Coronavirus: Over half of young people feel anxious or stressed due to pandemic
Most are optimistic that society will change for the better when the crisis subsides
There is a strong interest among young people in helping out in their community, with just over half those surveyed having a desire to help or are already helping. Photograph: iStock
Over half of young people say they are feeling anxious, stressed or depressed due to the coronavirus pandemic, new research indicates.
However, most are optimistic society will change for the better, and are staying in regular contact with their friends by phone or online, according to a survey of almost 800 people aged 16 to 19.
The online poll, carried out by Amárach Research on behalf of Young Social Innovators (YSI) earlier this month, also indicates that most young people are closely practising social distancing measures.
The vast majority (94 per cent) of young people have stopped going out to meet with friends.
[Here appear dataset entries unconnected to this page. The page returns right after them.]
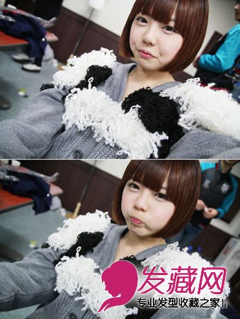 齐刘海的波波头短发,柔顺的短发打造出甜美可爱的感觉,棕色系的染发很适合这个冬季
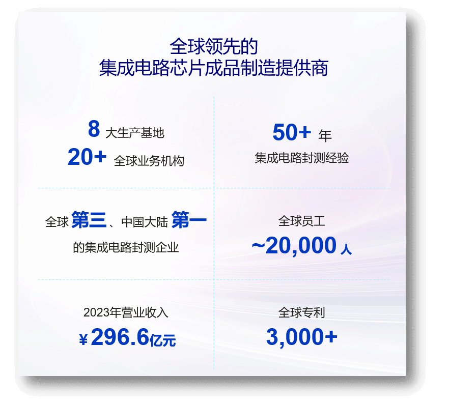 长电科技(滁州)有限公司是长电科技股份有限公司的全资子公司。于2012年正式投产,公司占地257亩,总投资超30亿元,建筑面积12万平方米,净化厂房约3.8万平方米,现有员工约2100人,其中技术人员超450人,主要从事中小功率半导体分立器件及IC集成电路等产品的封装、测试,产品广泛应用于IT、数码、通讯、电器、自动化设备等行业,能为客户提供芯片测试、封装设计、封装测试等全套解决方案,目前已形成年产350亿只半导体元器件生产能力。公司先后被评为滁州市“十强企业”“纳税十强企业” 和“安全文化建设示范单位”,荣获滁州市“市长质量奖”,是“安徽省技术领先示范企业”和“安徽省民营企业进出口百强”企业,也是国内最大的半导体封测生产基地之一。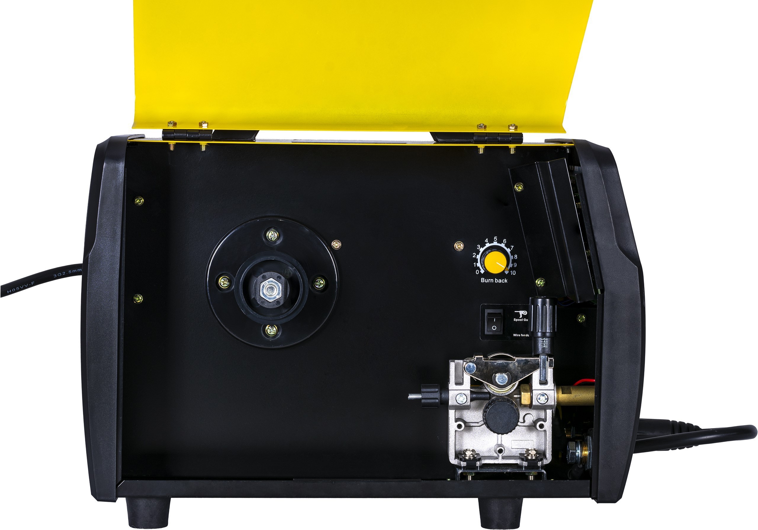 Urządzenie posiada płynną regulacje parametrów spawania, wyposażone jest w przeciążeniowy układ zabezpieczenia termicznego, zapobiegający nadmiernemu przegrzewaniu się. Spawarka wyposażona jest w 2-rolkowy podajnik drutu z gniazdem „euro złącze” co pozwala na podłączenie różnych typów uchwytów spawalniczych.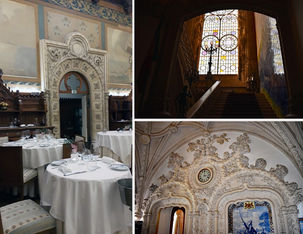 The ornate exterior features intricately carved stonework, arched windows, turrets, gargoyles, and painted tiles, and reflects both nature and the maritime history of Portugal. Complemented by the stately boxwood garden and stone fountain, its walls in varying shades of peach and beige stand out from the surrounding forest. It’s no wonder why the hotel has hosted royalty, politicians, authors, and film stars over the years. It is simply stunning!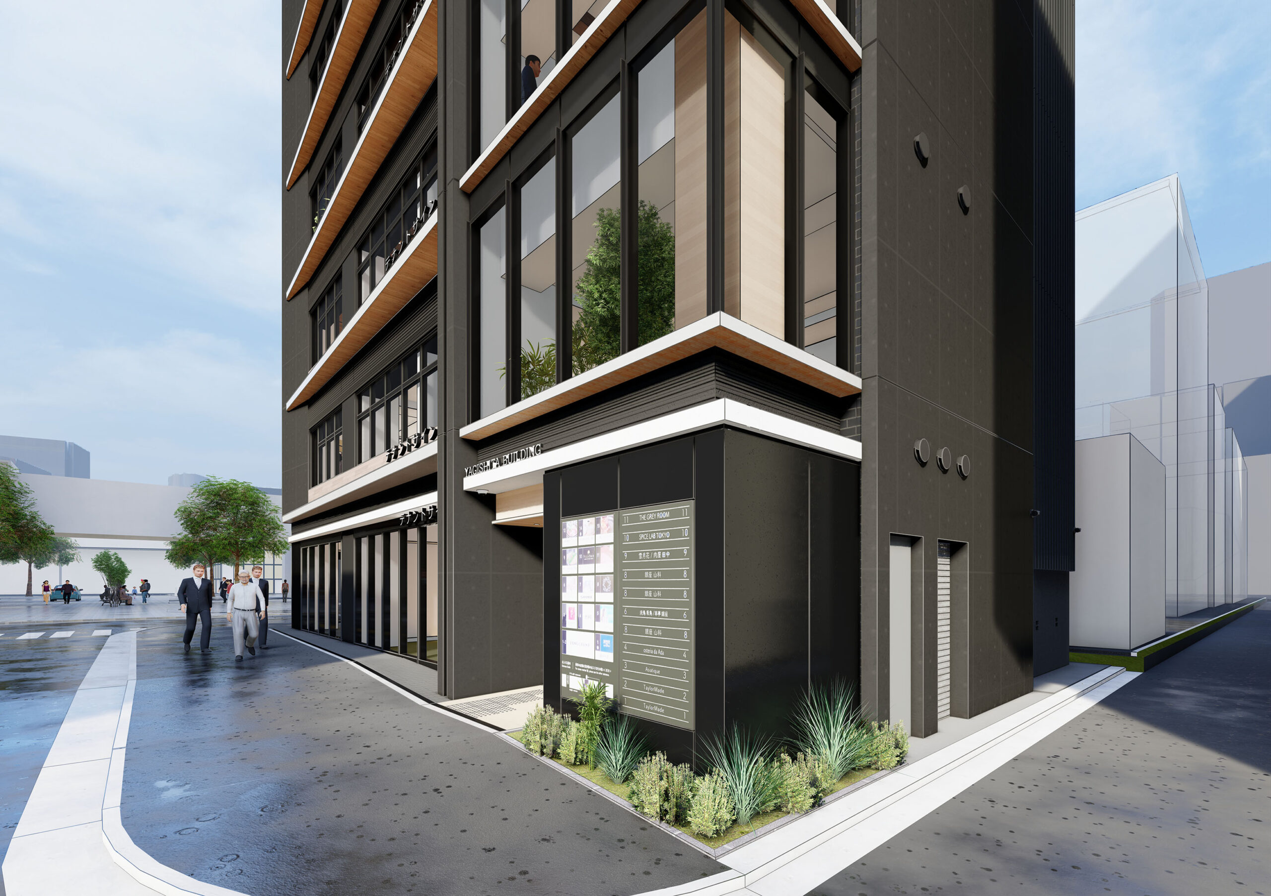 こうした変化の最前線に位置する本計画は、街の転換点における“最初の一手”となる建築として、周辺の将来像に道筋を示すとともに、関内・横浜の歴史的文脈を読み解くことを重視した。かつて港町として栄えた横浜の風景や文化を背景に、建物全体のテーマを“FLAGSHIP(旗艳)”と設定。変化する都市の海原に向けて船首を切り開く象徴的な存在として、力強いラインと傾斜面を用いたファサードをデザインした。隅切形状を活かして駅側に開く低層部は、歩行者の視線の流れを導く「舳先」のような表情とし、未来の再開発後にも街並みと調和する柔軟な立面構成としている。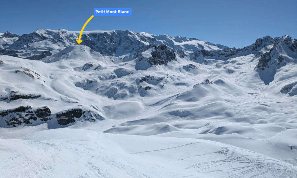 With clear views all around, Pralognan and La Vanoise to the east, Aiguille du Fruit and our route up to the west, and a larger Mont Blanc to the north this was a much nicer environment to enjoy my sandwiches than stuck in the Saulire Express 2 lift.

Most are keeping at least 2m apart from people when in public, and practising strict handwashing and proper coughing hygiene.
There is a strong interest among young people in helping out in their community, with just over half those surveyed having a desire to help or are already helping.
Sarah Rooney, associate director of Amárach Research, said young people who are optimistic that society will change for the better hope that wider society will re-evaluate life, and appreciate that which may have previously been taken for granted.
“They are also aware of communities coming together and hope that this will continue, as well as the positive environmental impact of the economic shutdown.”
However, among those (32 per cent) who think society will be impacted for the worse, 40 per cent worry about the threat of recession.
Young Social Innovators chief executive Rachel Collier said it was important to understand how young people were coping in such uncertainty.
“We are encouraged by the level of awareness among young people, their interest in staying informed, their knowledge of Government guidelines, and their high levels of commitment to following these, all of which suggests they are playing their part in the national effort, and know what is expected of them to do so,” said Mr Rooney .
“While we are buoyed that many young people are remaining positive amidst the emergency, we must acknowledge the many others who may not be managing as well.”
She asked that parents and relations check up on young people in their lives by phone or email, and offer a listening ear to any worries or frustrations they may have.
Ms Collier said the strong interest among young people in helping their communities reflected other findings which indicate that “Generation Z” is keen to make a positive difference in the world.
“Such contribution and participation should be encouraged and enabled as we collectively deal with and begin to emerge from this crisis to rebuild our country,” she said. “Any discussions of the kind of world we wish to live in after this crisis must include young people’s perspectives.
“We must also listen to young people’s anxieties concerning a potential economic downturn, appreciating that it will likely be the second recession they have lived through, and be cognisant of the strain this may put on them and their families, and on their mental health in particular.”
In response to the findings, Young Social Innovators is launching an “open call to teenagers” to submit ideas on how to tackle the problems in our communities as a result of the pandemic.
Those with the ideas with the most potential for impact will be given the opportunity to pitch to a panel of leaders from across business, non-governmental organisations and government.
Ms Collier said: “No idea is too big or too small, and I would encourage all young people to think about how they can explore, create, innovate and make a difference, and enter the YSI open call.”